Curl-ing a Cluster IP not working
Hi All,
I'm on exercise Exercise 3.4: Deploy A Simple Application line 20.
I've created a deployment and exposed a service.
pch@master:~/Deployments$ kubectl expose deployment/nginx service/nginx exposed pch@master:~/Deployments$ kubectl get svc nginx NAME TYPE CLUSTER-IP EXTERNAL-IP PORT(S) AGE nginx ClusterIP 10.109.43.160 <none> 80/TCP 40s pch@master:~/Deployments$ kubectl get ep nginx NAME ENDPOINTS AGE nginx 10.0.1.4:80 74s pch@master:~/Deployments$ kubectl describe pod nginx-7848d4b86f-hkmlk | grep Node: Node: worker/192.168.0.137
When I curl the service and endpoint I get Connection TimeOut errors.

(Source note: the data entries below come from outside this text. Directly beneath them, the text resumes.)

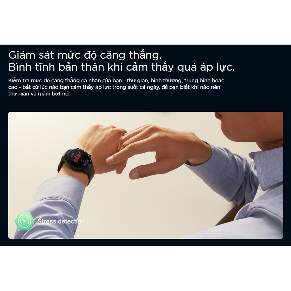 Hiểu biết Toàn diện về Sức khỏe. Độ bão hòa Oxy trong máu là một trong những yếu tố quan trọng nhất của sức khỏe con người, vì vậy GTR 2 được bổ sung thêm chức năng đo độ bão hòa oxy trong máu để giúp bạn luôn quan tâm đến sức khỏe của mình. Khi làm việc trí óc lâu dài, hoặc hoạt động thể chất như tham gia chạy marathon hoặc thể thao ngoài trời cường độ cao, hãy đo nồng độ oxy trong máu nếu bạn cảm thấy không thoải mái để giữ sức khỏe nhé.
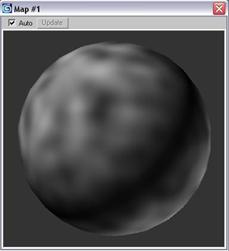 Revenind in sectiunea Maps a texturii, se apasa pe butonul din dreptul hartii Bump, se alege tot Bitmap, si se cauta imaginea "bump_peau.jpg". Aceasta va adauga niste modificari la randare, in 3D, sub forma unor mici crevase de-a lungul texturii initiale. Rezultatul la randare este urmatorul:
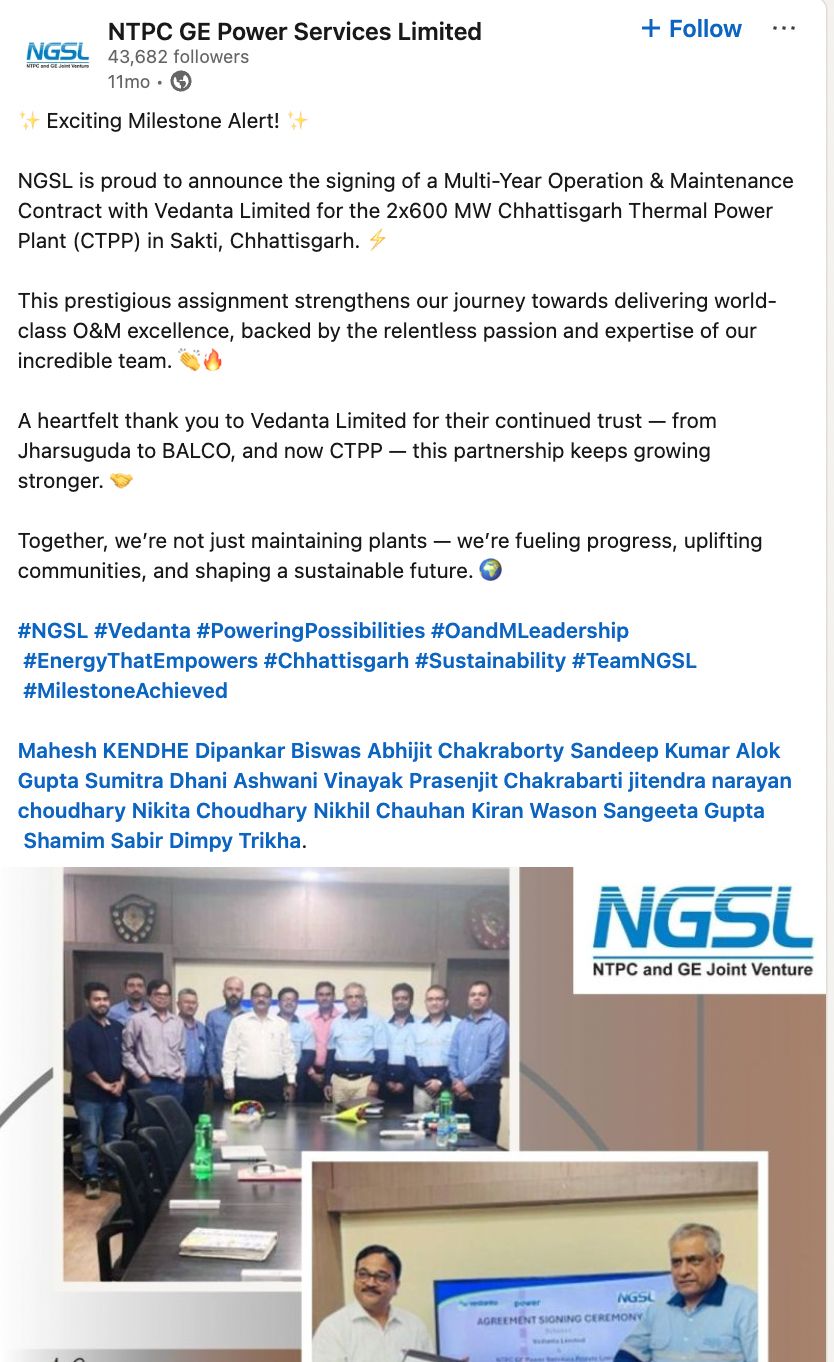 सूत्र बताते हैं कि संयंत्र का प्रचालन और रखरखाव एनजीएसएल द्वारा द्वारा किया जा रहा था। एनजीएसएल कंपनी का गठन एनटीपीसी लिमिटेड और जीई पावर सिस्टम्स की भागीदारी से हुआ है। दोनों ही दिग्गज कंपनियों का शेयर एनजीएसएल में 50-50 फीसदी का है। वेदांता के सिंघीतराई विद्युत संयंत्र में प्रचालन और रखरखाव का काम यही एनजीएसएल दीर्घकालिक अनुबंध व्यवस्था के तहत कर रही है। हाल ही में हुए हादसे से तकरीबन 11 महीने पहले एनजीएसएल ने अपने एक लिंक्डइन पोस्ट में घोषणा की थी कि सिंघीतराई के 2 गुणा 600 मेगावॉट छत्तीसगढ़ थर्मल पावर प्लांट की यूनिट-1 के प्रचालन एवं रखरखाव का एक दीर्घकालिक अनुबंध उसे मिला है। इसी यूनिट-1 के प्रचालन में बड़ा दुःखद हादसा हुआ जिसमें कई लोगों को असमय ही जान गंवानी पड़ी।
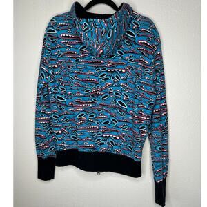 Limoland Blue Red White Face Print Long Sleeve Front Zip Hoodie
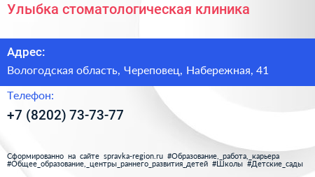 Улыбка, стоматологическая клиника по адресу Вологодская область, Череповец, Набережная, 41 в дальнейшем Организация, размещена в следующих категориях:
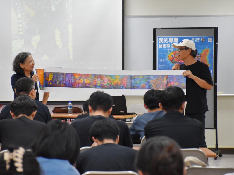 南華大學視覺藝術與設計學系主任羅雪容指出,此講座的舉辦,主要讓學生透過專職藝術家的第一手經驗,了解藝術創作背後的真實面貌,包括職涯發展的艱辛歷程、市場經營的挑戰與成就感的累積。同時也期望藉由與業界創作者的近距離互動,啟發學生對個人專業發展的深入思考,並探索如何將自身的興趣與所學結合,走出屬於自己的職涯方向。透過實務案例分享,讓學生在藝術創作與未來規劃之間建立具體連結,進一步強化其創意思維與自主學習能力。
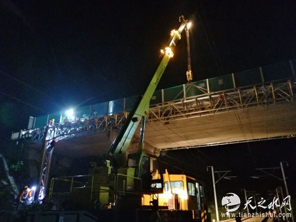 (记者 常魁星 通讯员 雒亚琴 冯承德)5月7日晚22:40封锁施工命令下达,在中铁武汉电气化局上海分公司合宁铁路防灾项目部沪蓉线12号桥施工现场,60余名施工人员迅速按照既定程序和操作规程开始了紧张作业,轨道车吊起十余吨重的硬横梁旋转、对位……。
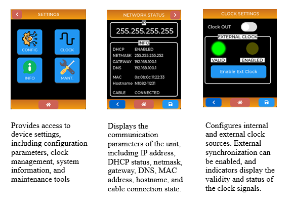 On the touch screen interface, each function is associated to a widget, meant to be used for configuration and monitor purposes.
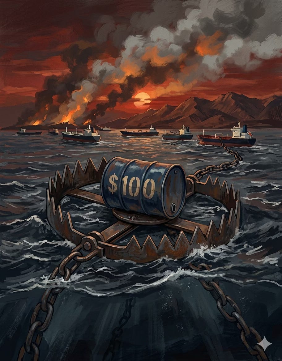 The CPI picture isn’t any friendlier. With oil surging past $100 a barrel, the energy component of CPI is about to get a lot worse. Economists have modeled what sustained oil prices do to the consumer price index: at $100 average for 2026, CPI inflation could jump an additional 1.2 percentage points to roughly 4.0%. At $120, we’re looking at nearly 5%. Those aren’t abstract numbers — they show up in grocery bills, gas station receipts, and mortgage payments.
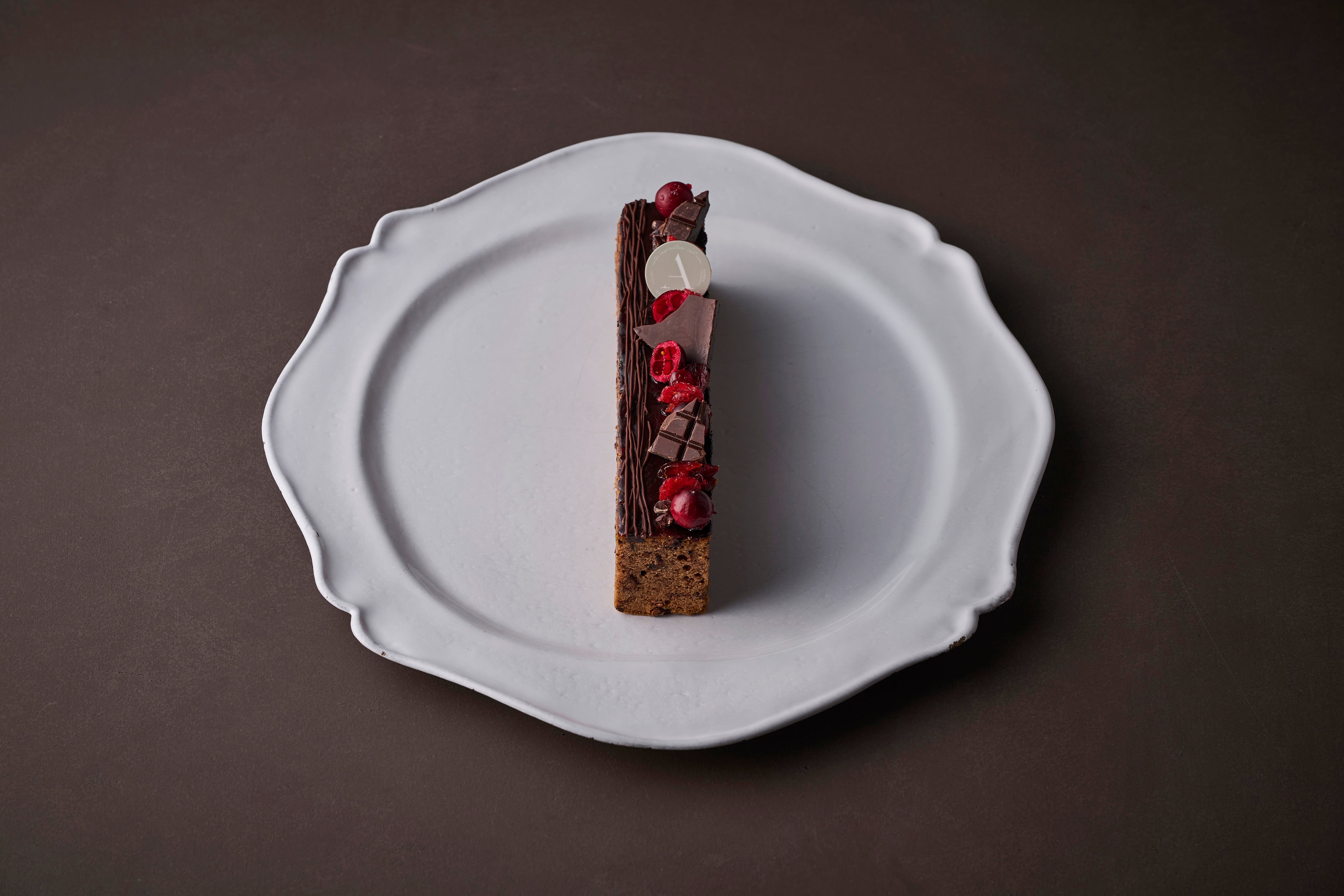 スパイスで漬け込んだ干し柿を焼き込み、しっとりと仕上げた生地に、生チョコを重ねました。
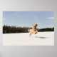 Enthusiastic goldendoodle runs happily through a field of fresh snow in late winter.
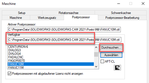 In SOLIDWORKS CAM werden gewünschte Postprozessoren entweder unter ‚Maschine definieren‘ angewählt:
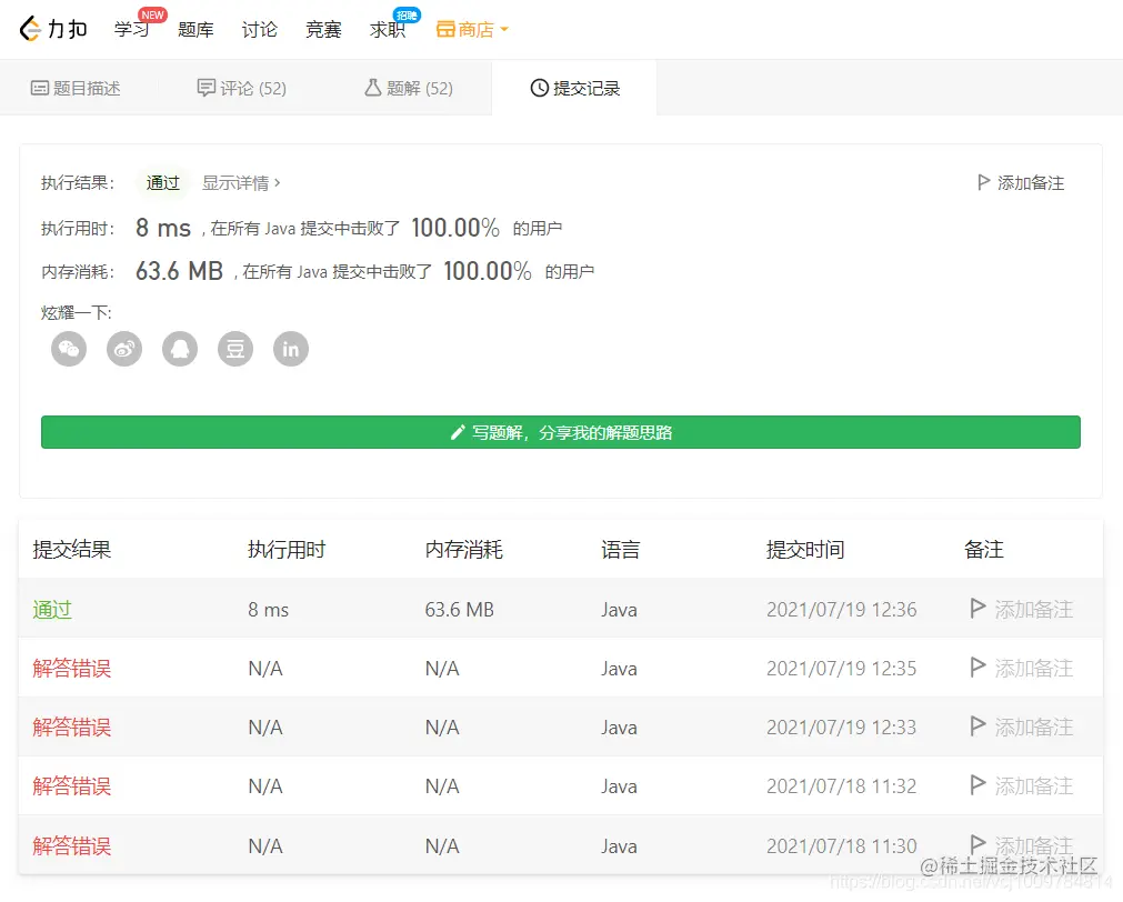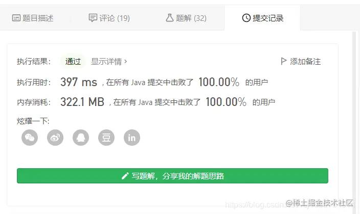 看完题解后,自己动手写了一遍(注意开数组时,在方法内部开,不要用最大的长度开,那样会超时,坑死我了!)

pch@master:~/Deployments$ curl 10.109.43.160:80 curl: (28) Failed to connect to 10.109.43.160 port 80: Connection timed out pch@master:~/Deployments$ curl 10.0.1.4:80 curl: (28) Failed to connect to 10.0.1.4 port 80: Connection timed out
If I look at all infrastructure pods running (installation was with kubeadm), I see two coredns pods, and two flannel pods. Not seeing any issues.
pch@master:~$ kubectl get pods --all-namespaces NAMESPACE NAME READY STATUS RESTARTS AGE kube-system coredns-78fcd69978-qzfq9 1/1 Running 0 5h46m kube-system coredns-78fcd69978-vnr7m 1/1 Running 0 5h46m kube-system etcd-master 1/1 Running 0 5h47m kube-system kube-apiserver-master 1/1 Running 1 5h47m kube-system kube-controller-manager-master 1/1 Running 1 5h47m kube-system kube-flannel-ds-ks94v 1/1 Running 0 5h33m kube-system kube-flannel-ds-ztmzv 1/1 Running 0 5h36m kube-system kube-proxy-dwxrq 1/1 Running 0 5h33m kube-system kube-proxy-vvsmg 1/1 Running 0 5h46m kube-system kube-scheduler-master 1/1 Running 1 5h47m
When I deployed the flannel network I see it created NIC's on the head node and on the worker node.
HEAD NODE
5: flannel.1: <BROADCAST,MULTICAST,UP,LOWER_UP> mtu 1450 qdisc noqueue state UNKNOWN group default
link/ether 1e:d1:a0:5b:66:57 brd ff:ff:ff:ff:ff:ff
inet 10.0.0.0/32 brd 10.0.0.0 scope global flannel.1
valid_lft forever preferred_lft forever
inet6 fe80::1cd1:a0ff:fe5b:6657/64 scope link
valid_lft forever preferred_lft forever
WORKER NODE
5: flannel.1: <BROADCAST,MULTICAST,UP,LOWER_UP> mtu 1450 qdisc noqueue state UNKNOWN group default
link/ether 8e:39:10:e5:87:cc brd ff:ff:ff:ff:ff:ff
inet 10.0.1.0/32 brd 10.0.1.0 scope global flannel.1
valid_lft forever preferred_lft forever
inet6 fe80::8c39:10ff:fee5:87cc/64 scope link
valid_lft forever preferred_lft forever
When I run tcpdump on the worker node (sudo tcpdump -i flannel.1) I do see activity, but still overall yields a connection failure on head node.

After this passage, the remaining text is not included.